**Exercise description**
An exact transcription of each entry below is required, without any pictures.

**Provided data**
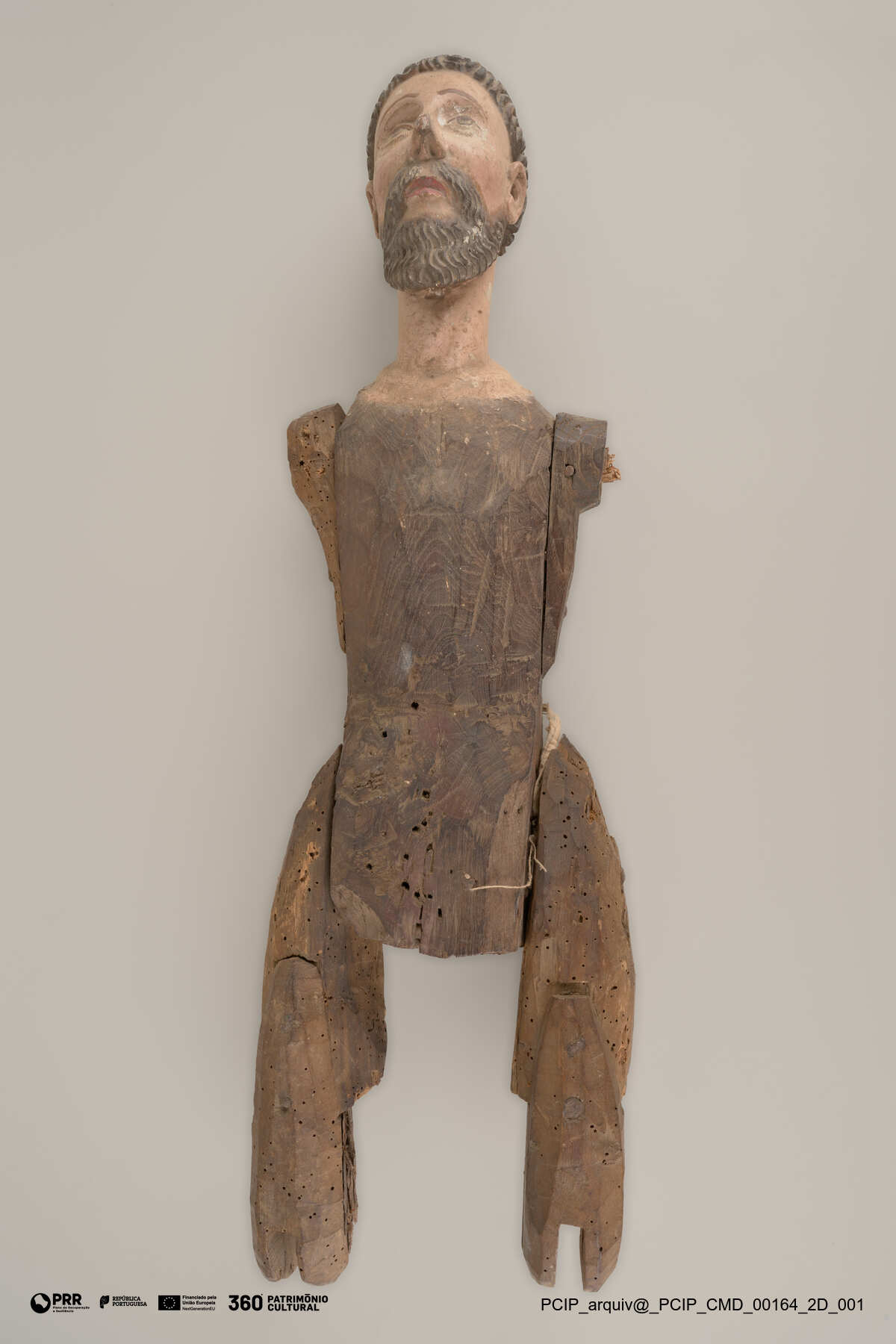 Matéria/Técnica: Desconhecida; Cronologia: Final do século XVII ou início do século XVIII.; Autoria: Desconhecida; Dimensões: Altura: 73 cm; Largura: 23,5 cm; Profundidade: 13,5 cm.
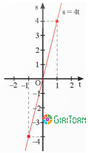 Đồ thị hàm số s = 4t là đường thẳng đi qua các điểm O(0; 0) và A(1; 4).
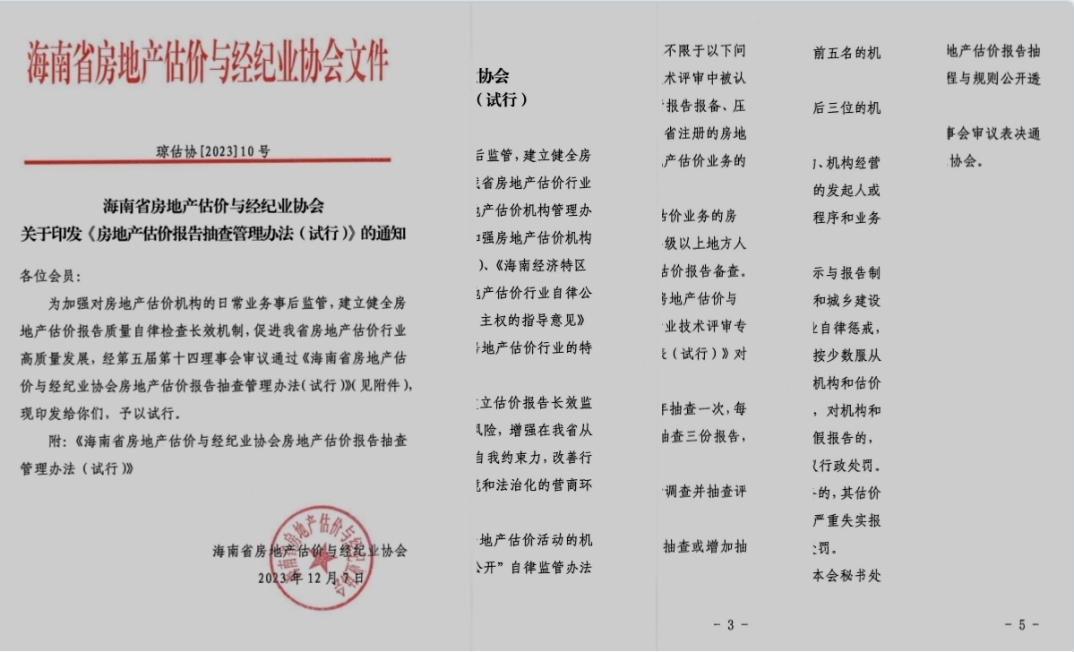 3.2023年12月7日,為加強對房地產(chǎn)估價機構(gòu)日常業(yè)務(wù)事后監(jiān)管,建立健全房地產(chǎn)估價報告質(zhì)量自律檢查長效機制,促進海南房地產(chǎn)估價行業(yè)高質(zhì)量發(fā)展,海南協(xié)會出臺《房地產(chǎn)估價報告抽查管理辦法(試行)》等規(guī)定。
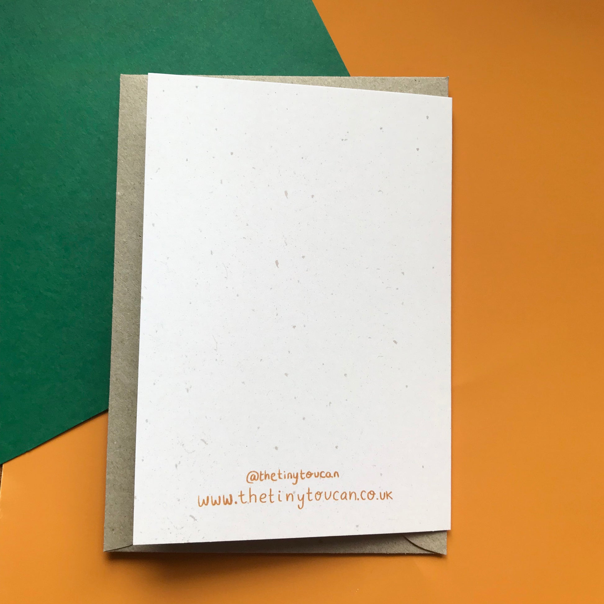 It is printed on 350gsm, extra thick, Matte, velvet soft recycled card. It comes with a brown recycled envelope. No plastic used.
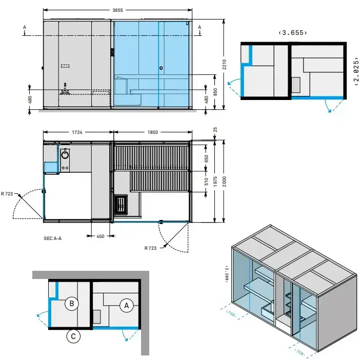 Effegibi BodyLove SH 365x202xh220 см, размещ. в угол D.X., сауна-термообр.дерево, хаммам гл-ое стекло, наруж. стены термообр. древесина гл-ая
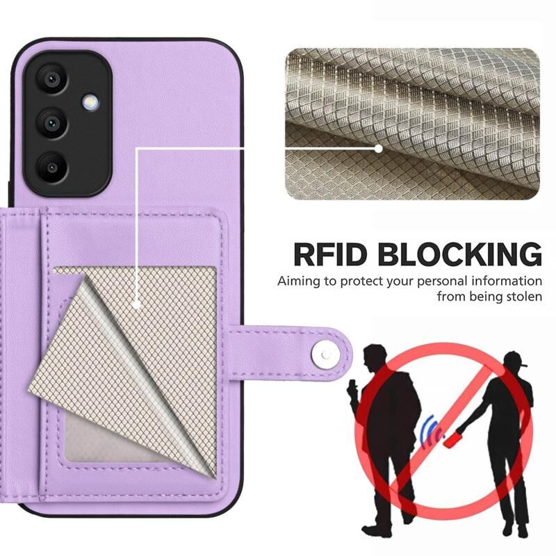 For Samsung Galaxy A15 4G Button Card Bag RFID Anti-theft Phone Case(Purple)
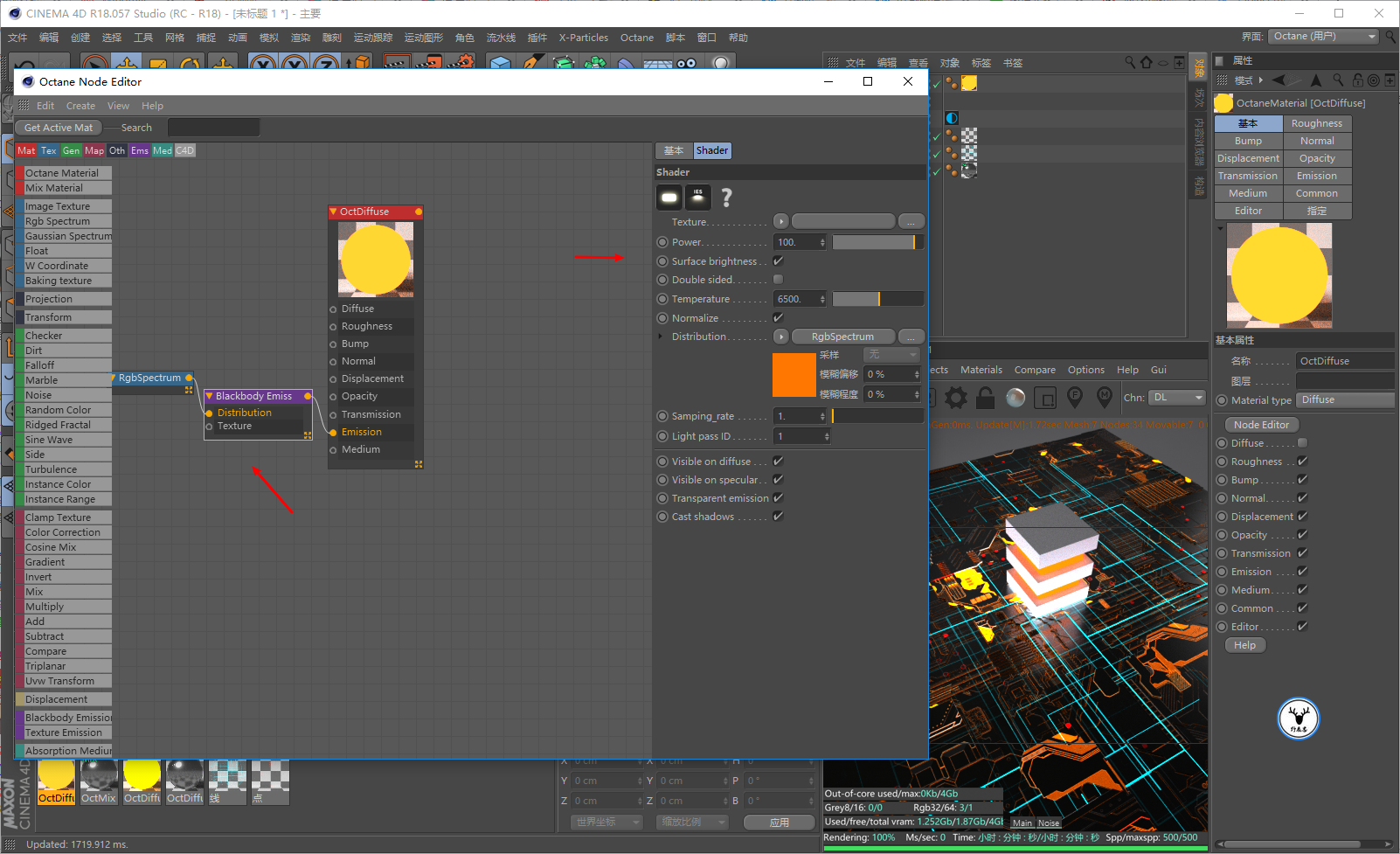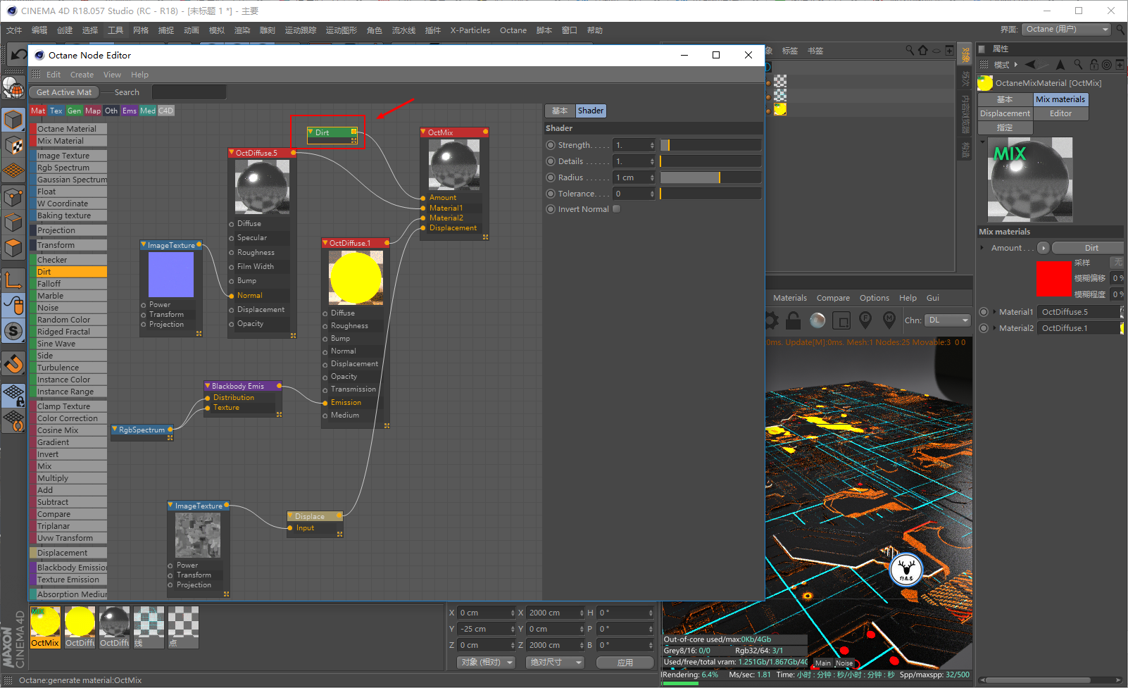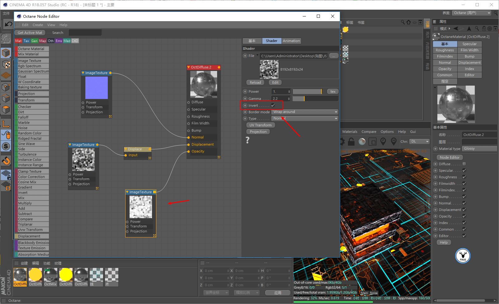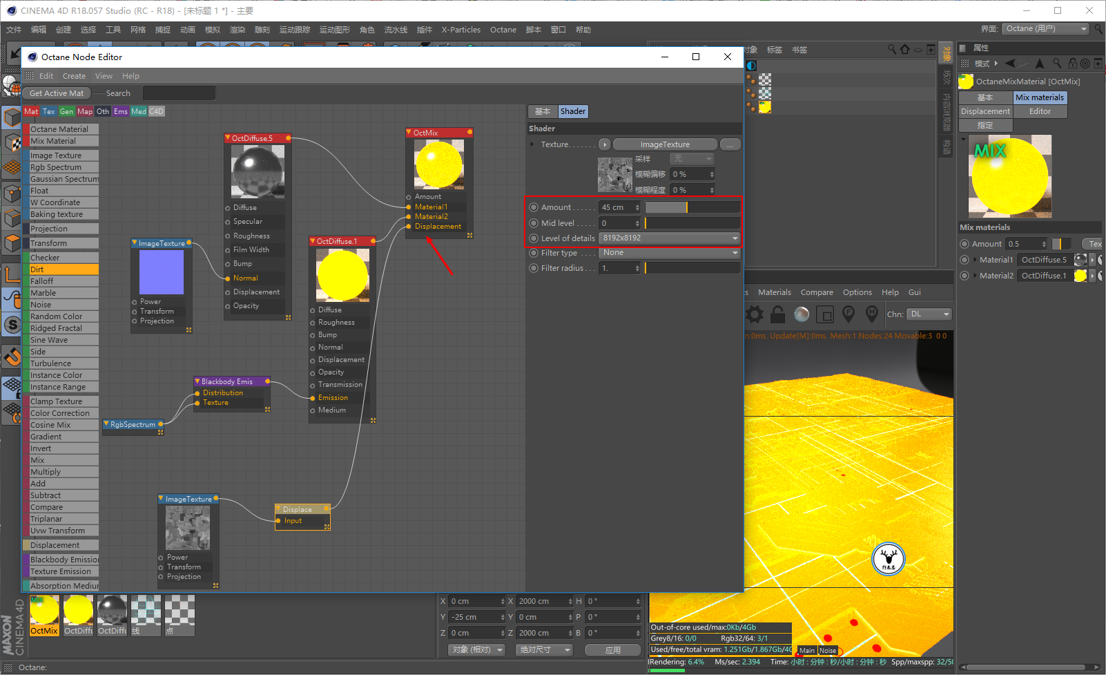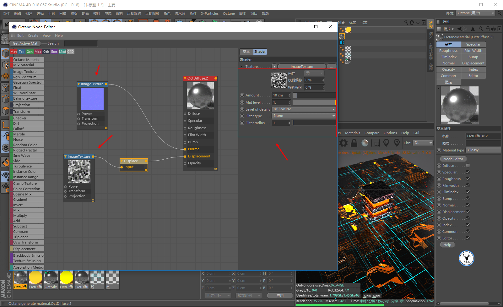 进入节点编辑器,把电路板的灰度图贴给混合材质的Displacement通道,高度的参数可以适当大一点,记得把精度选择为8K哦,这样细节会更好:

**Answer to this exercise**
 Matéria/Técnica: Desconhecida; Cronologia: Final do século XVII ou início do século XVIII.; Autoria: Desconhecida; Dimensões: Altura: 73 cm; Largura: 23,5 cm; Profundidade: 13,5 cm.
 Đồ thị hàm số s = 4t là đường thẳng đi qua các điểm O(0; 0) và A(1; 4).
 3.2023年12月7日,為加強對房地產(chǎn)估價機構(gòu)日常業(yè)務(wù)事后監(jiān)管,建立健全房地產(chǎn)估價報告質(zhì)量自律檢查長效機制,促進海南房地產(chǎn)估價行業(yè)高質(zhì)量發(fā)展,海南協(xié)會出臺《房地產(chǎn)估價報告抽查管理辦法(試行)》等規(guī)定。
 It is printed on 350gsm, extra thick, Matte, velvet soft recycled card. It comes with a brown recycled envelope. No plastic used.
 Effegibi BodyLove SH 365x202xh220 см, размещ. в угол D.X., сауна-термообр.дерево, хаммам гл-ое стекло, наруж. стены термообр. древесина гл-ая
 For Samsung Galaxy A15 4G Button Card Bag RFID Anti-theft Phone Case(Purple)
 进入节点编辑器,把电路板的灰度图贴给混合材质的Displacement通道,高度的参数可以适当大一点,记得把精度选择为8K哦,这样细节会更好:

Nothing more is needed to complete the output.